You can query any nested structure without flattening the data. Any relations that you can access through Automatic Schema Discovery can also be accessed with an ad hoc SQL query.
Extended Projection Syntax
In the SELECT clause, use dot notation to specify an XPath to the data, as in the following query.
SELECT [personal.name.last], [personal.name.first], [vehicles.1.type], [vehicles.1.model] FROM people WHERE [personal.name.last] = 'Roberts' AND [personal.name.first] = 'Jane'
Note that to specify the path to a specific array element, specify the element's ordinal position. Arrays have a zero-based index, so the preceding query retrieves the second vehicle.
Example
The preceding query draws the column names from the example people document in Raw Data. Below is a person object from the array of people:
<?xml version="1.0" encoding="utf-8"?>
<root>
<rootAttr1>rootValue1</rootAttr1>
<people>
<personal>
<age>20</age>
<gender>M</gender>
<name>
<first>John</first>
<last>Doe</last>
</name>
</personal>
<jobs>support</jobs>
<jobs>coding</jobs>
<vehicles>
<type>car</type>
<model>Honda Civic</model>
<insurance>
<company>ABC Insurance</company>
<policy_num>12345</policy_num>
</insurance>
<features>sunroof</features>
<features>rims</features>
<maintenance>
<date>07-17-2017</date>
<desc>oil change</desc>
</maintenance>
<maintenance>
<date>01-03-2018</date>
<desc>new tires</desc>
</maintenance>
</vehicles>
<vehicles>
<type>truck</type>
<model>Dodge Ram</model>
<insurance>
<company>ABC Insurance</company>
<policy_num>12345</policy_num>
</insurance>
<features>lift kit</features>
<features>tow package</features>
<maintenance>
<date>08-27-2017</date>
<desc>new tires</desc>
</maintenance>
<maintenance>
<date>01-08-2018</date>
<desc>oil change</desc>
</maintenance>
</vehicles>
<addresses>
<type>work</type>
<zip>12345</zip>
</addresses>
<addresses>
<type>home</type>
<zip>12357</zip>
</addresses>
<source>internet</source>
</people>
</root>
Connection String
With the following connection string, the driver will not parse nested data -- the data is processed when you execute the query. The properties of the top-level object are still flattened through the default FlattenObjects functionality. Nested data is returned as an XML aggregate.
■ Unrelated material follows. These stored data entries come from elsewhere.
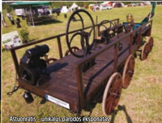
Aštuonratis – unikalus parodos eksponatas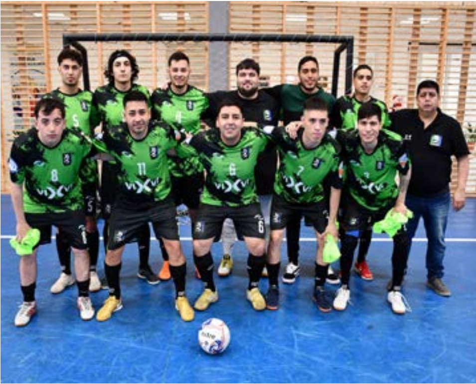
El equipo del club C3ndor FC, categor3a primera divisi3n.

Partido 2 – categor3a C-17 – inicio: 11.40 horas O’Higgins 2 Santos SM 13 Partido 3 – categor3a C-20 – inicio: 13.20 horas Progreso/Petrolero 10 C3ndor FC 3 Partido 4 – categor3a C-20 – inicio: 15.00 horas Centenario 7 Petroleros 3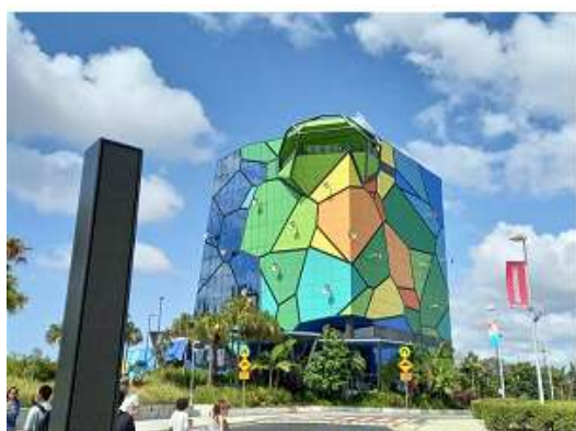
▲HOTA 藝術之家的建築外觀

HOTA, Home of the Arts (藝術之家) 位於澳洲昆士蘭州黃金海岸市中心，為一知名之文化藝術中心，其園區內擁有千人劇場、黑箱劇場、電影院、戶外劇場、美術館、咖啡廳、餐廳、湖泊、公園等等。其辦理的活動包括美術、戲劇、舞蹈、音樂、電影、展覽等各式表演及視覺藝術，另外則有藝術教育及社區發展等活動。其組織發展的理想是「抓住你的想像力」；使命是成為一個藝術、娛樂、文化、生活交會的指標景點；價值則在於藝術、市民、好奇、正直、慷慨。HOTA 於 1976 年以身為黃金海岸市政府的市民中心開幕，到 1986 年擴大為娛樂文化中心，再改名為黃金海岸藝術中心，並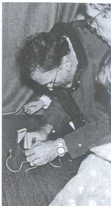
Comme au cours de technologie

Cette animation s'est déroulée dans la bonne humeur. Lors de l'évaluation de ce projet par les élèves, ils ont confié : « C'était très chouette ; on a appris à prendre la parole et à expliquer une activité à des adultes. On s'est rendu compte aussi que les parents étaient toujours de grands enfants !!! ».

URI=C:\people.txt;DataModel=Document;XPath='/root/people;'
Query
You can access any nested structure in the Raw Data document as a column:
SELECT [personal.name.last], [personal.name.first], [vehicles.1.type], [vehicles.1.model] FROM people WHERE [personal.name.last] = 'Roberts' AND [personal.name.first] = 'Jane'
Note that arrays have a zero-based index. The preceding query retrieves the example person's second vehicle.
Results
The preceding query returns the following results:
Column Name | Data Type | Example Value |
personal.name.first | String | Jane |
personal.name.last | String | Roberts |
vehicles.1.type | String | car |
vehicles.1.model | String | Honda Accord |